Construction and cell transfection of PGMLV-PE3-TRIM44 vector
Human TRIM44 expression vector PGMLV-PE3-TRIM44 or empty vector was obtained from Zhongqiao Xinzhou Biotechnology Co. For in vitro transfection, SKOV3 human OC cells (3 × 105 cells/well) were transfected with TRIM44 or empty vector using Lipofectamine 2000 (Invitrogen, Victoria, Australia) according to the manufacturer's protocol. The shRNA sequences used were TRIM44: 5'-CCGGGGCTTGATTTGAGTACCTATTCTCGAGAATAGGTACTCAAATCAAGCCTTTTTG-3' and shCon:5'- AATTCAAAAAGGCTTGATTTGAGTACCTATTCTCGAGAATAGGTACTCAAATCAAGCCAGCC-3'. To establish stable cell lines, 2 μg/mL puromycin was used for one week after transfection. RT-qPCR and Western blotting determined overexpression efficiency.
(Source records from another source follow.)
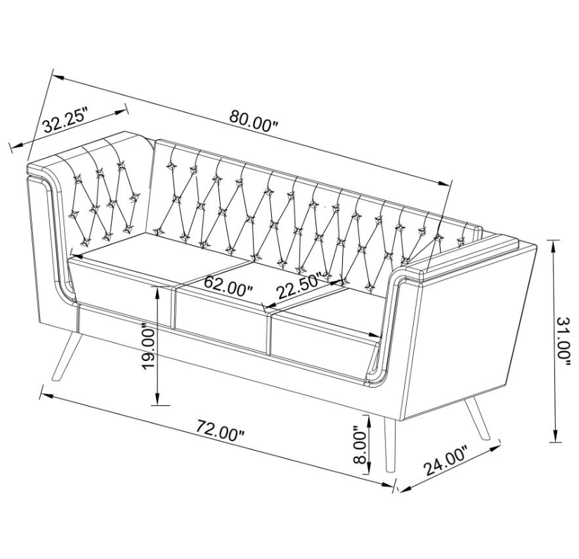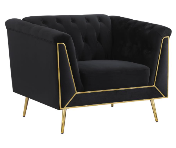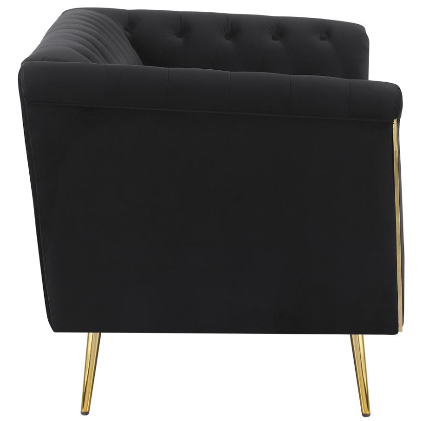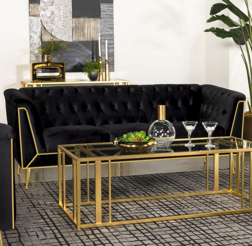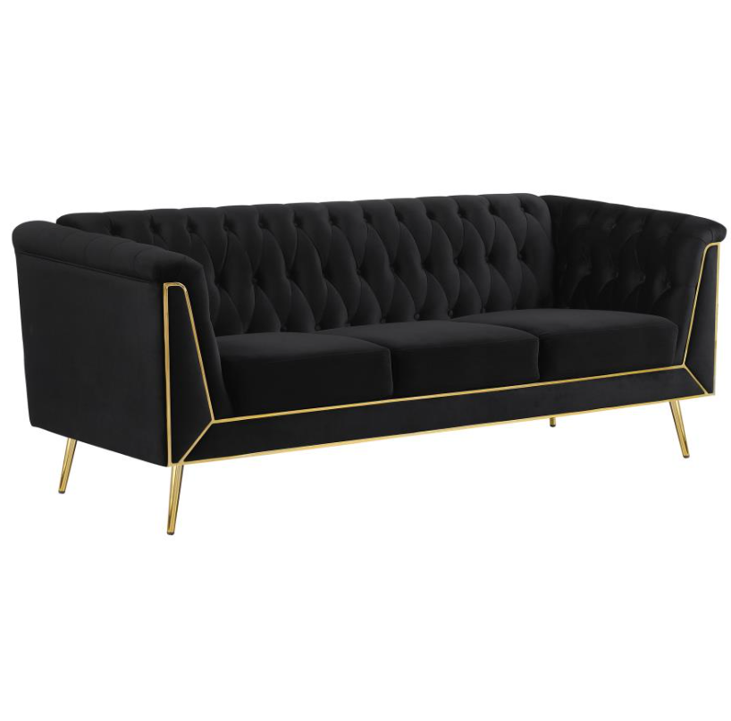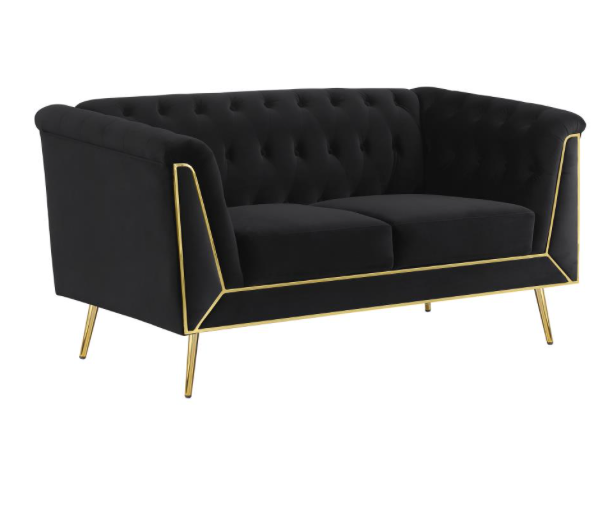 Instantly upscale your elegant living room with a two-piece modern glam sofa set. The sofa and loveseat show off lush, inviting black velvet upholstery, complete with button tufting that adds dimension to a vintage inspired silhouette. High arms add character and are accentuated with geometric metal trim work in a shiny gold finish to create wonderful contrast and detail. Matching legs are tapered and splayed, a perfect finishing touch. Sinuous springs and webbing provide support to plush seating, with foam cushioning for exceptional comfort and support.
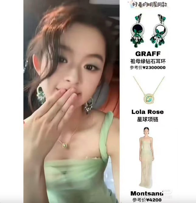 估計她也是沒有想到,正是這一副耳環引起了軒然大波。照片中,黃楊鈿甜佩戴的耳環被指認是奢侈品牌GRAFF經典系列,價格不菲,有網友宣稱這對耳環有價無市,價格在230萬人民幣左右。之後有記者證實,目前在GRAFF網絡旗艦店內並無該款耳環的報價,但在二手交易網站上,該款耳環二手價超過100萬元。
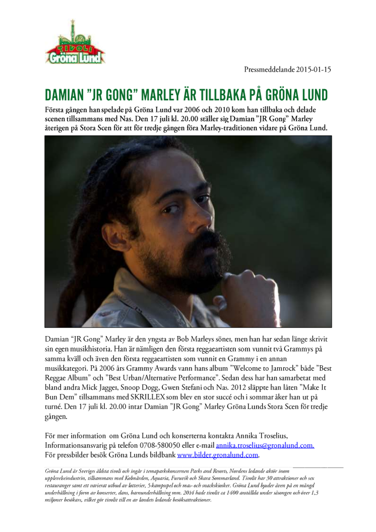 Första gången han spelade på Gröna Lund var 2006 och 2010 kom han tillbaka och delade scenen tillsammans med Nas. Den 17 juli kl. 20.00 ställer sig Damian ”JR Gong” Marley återigen på Stora Scen för att för tredje gången föra Marley-traditionen vidare på Gröna Lund.
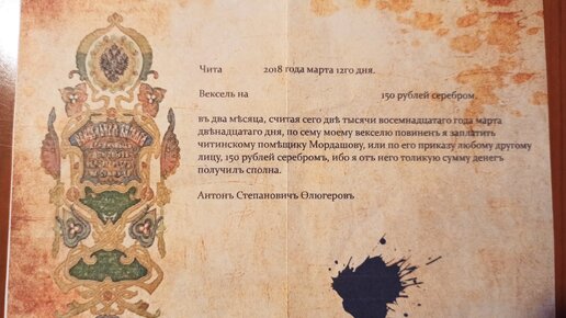 В 2018-м ставили в забайкальском драматическом старинный русский водевиль «Женитьба гусара» - спектакль чрезвычайно любопытный с точки зрения литературной части театра) Я тогда вспомнила для программки правила орфографии дореволюционного русского языка – потому как разница между фертом и фитой в этом спектакле была ключевой (это отразилось в программке). А кроме того, я тогда заморочилась и с азартом погрузилась в информацию о векселях: правила их составления, виды и особенности. Что получилось – на фото...
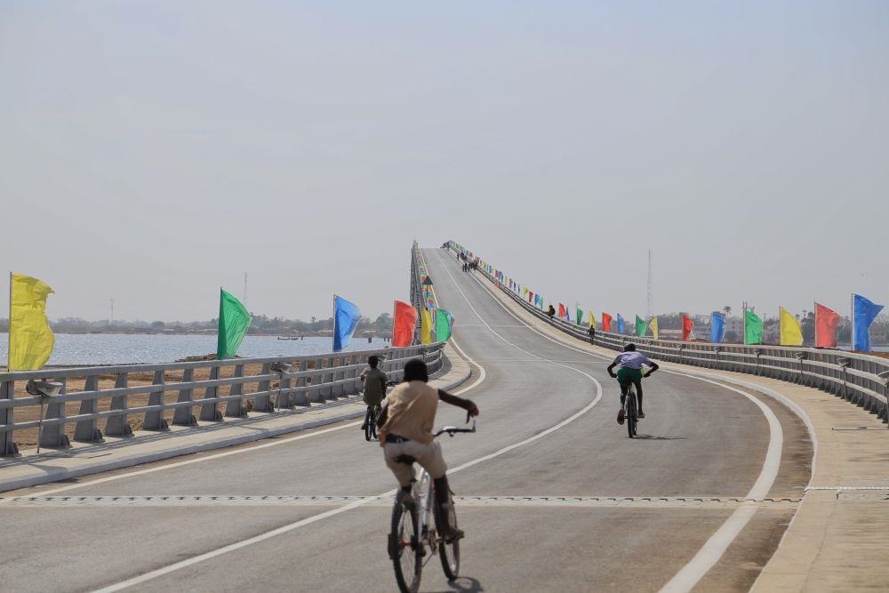 △2022年1月16日,人們騎車(chē)通過(guò)位于塞內(nèi)加爾方久尼市、由中國(guó)公司承建的方久尼大橋。
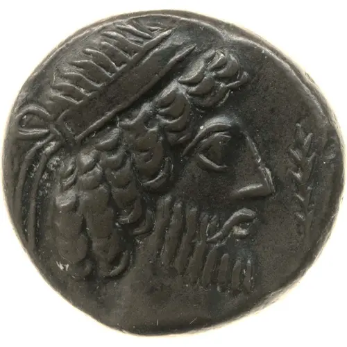 Head of Attambelos to right, diademed, bearded, wheat stalk in right field. |
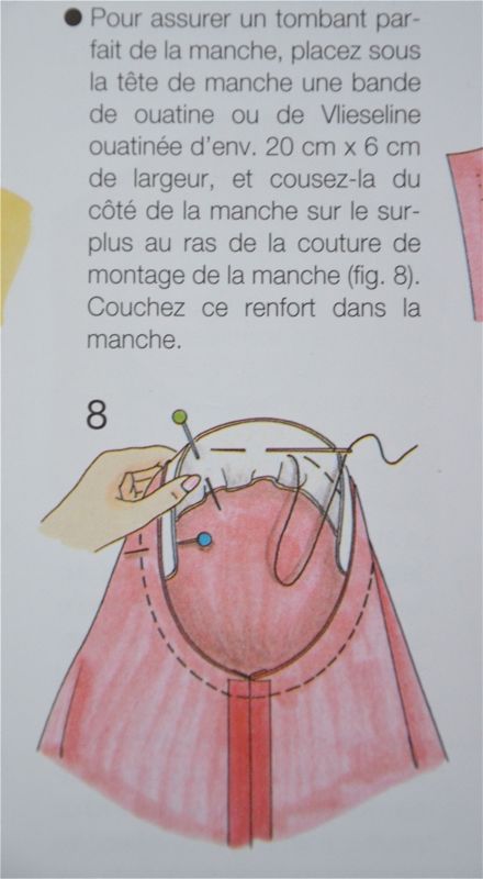 Puis, c’était la tête de manche qui ne me plaisait pas : du fait des fronces, elle « remontait » et faisait une sorte de bosse au-dessus de l’épaule. « La couture pratique » de Burda, m’a donné la solution : coudre une bande d’ouatine d’environ 20 cm de long et 6 de large sous la tête de manche, ce qui a eu pour effet de l’arrondir juste comme il faut. Je vous joins le schéma, ça peut servir…
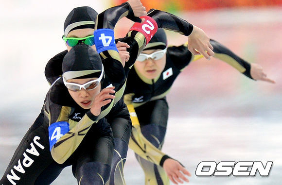 일본 여자 팀 추월 대표팀이 역주를 펼치고 있다. /soul1014@osen.co.kr
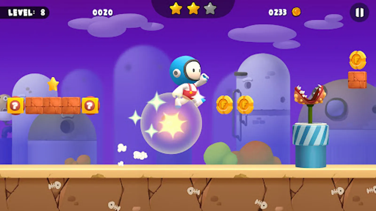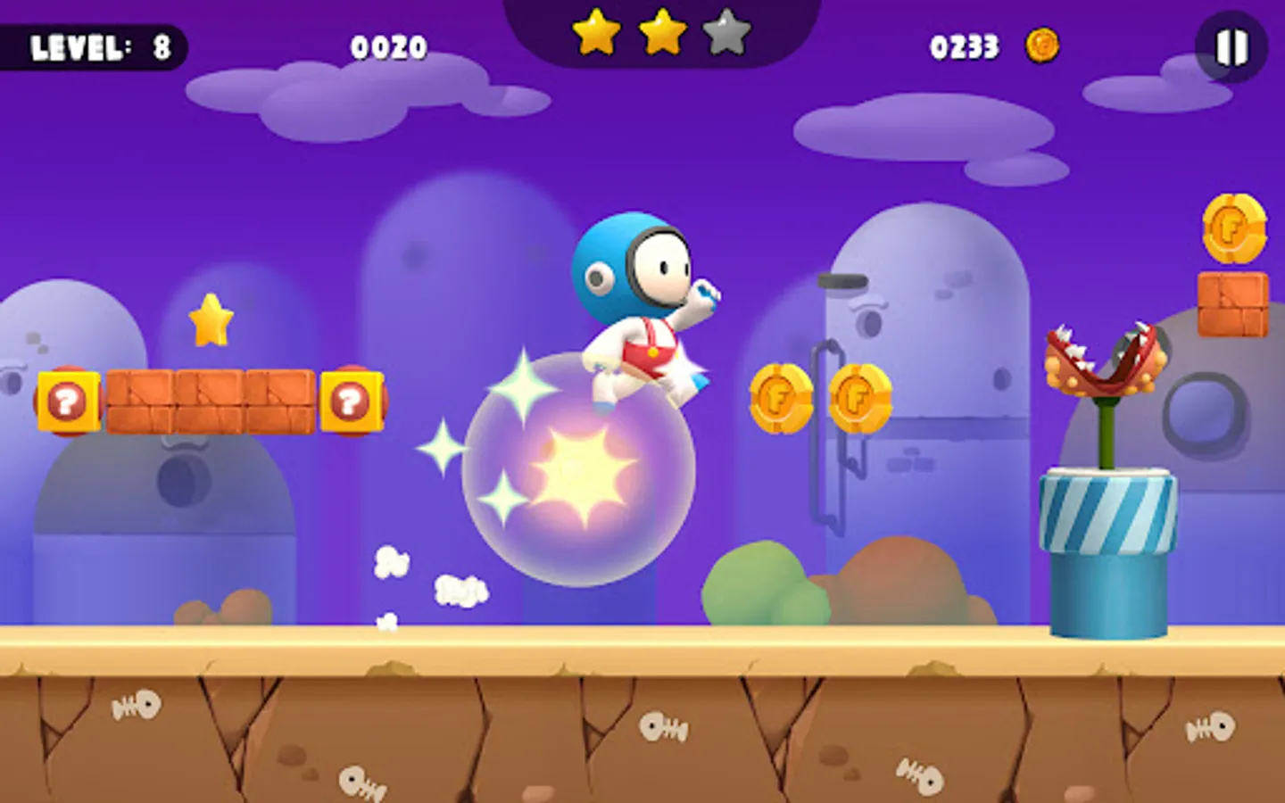 Unlike super mario party or super bino go or mario zalda, fun guy is a cute leprechaun alien try to run fast and defeat all challenges on the way to save the princess. Fun Guy Run Adventure Game is the updated version with 3D perspective, good game physics, graphics, and with even more challenges to fulfill your heroic desire.
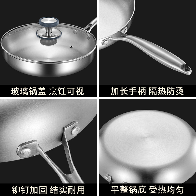 Главная страница > Трансграничный универсальный сковородой-гриль из нержавеющей стали 304, утолщенный, без покрытия, трехслойная стальная сковорода, для домашней кухни, для жарки стейков.
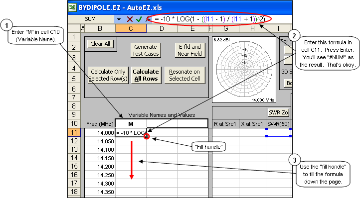 Nth Freq = 10 ^ (Log(FirstFreq) + (N-1) * (Log(LastFreq) - Log(FirstFreq)) / (NumSteps - 1))So let's apply this to the frequency steps on the Calculate sheet, with the assumption that the first frequency will be 1 MHz, the last frequency will be 100 MHz, and the number of frequency steps will be 25. Open, what else, BYDIPOLE.ez. On the Wires sheet use the AutoSeg button to assign 40 segments per wavelength, odd. That way as the frequency changes over the full range from 1 to 100 MHz the single wire of the model will always have the same segmentation density although a different number of segments for each test case.On the Calculate sheet enter "1" as the first frequency in cell B11. Then select cell B12, the second frequency, and enter the following string in the formula bar at the top of the Excel window.

Cell counting Kit 8 (CCK-8) assay
The CCK-8 (Tong Ren, Japan, CK04) assay was applied to detect the change in cell proliferation ability. Cells at the logarithmic growth stage were collected and inoculated in 96-well culture plates with appropriate concentrations, cells were grouped, and 200ul of complete medium was added to each well and continued to be cultured for 24 h and 48 h. After the cells had completely adhered to the wall, 10ul of CCK-8 reagent was added to each well and incubated for 4 h. Then the absorbance value at 450 nm was detected by an enzyme marker. The different cells in the two groups were calculated according to the following formula Survival rate = [(As-Ab) / (Ac-Ab)] × 100%.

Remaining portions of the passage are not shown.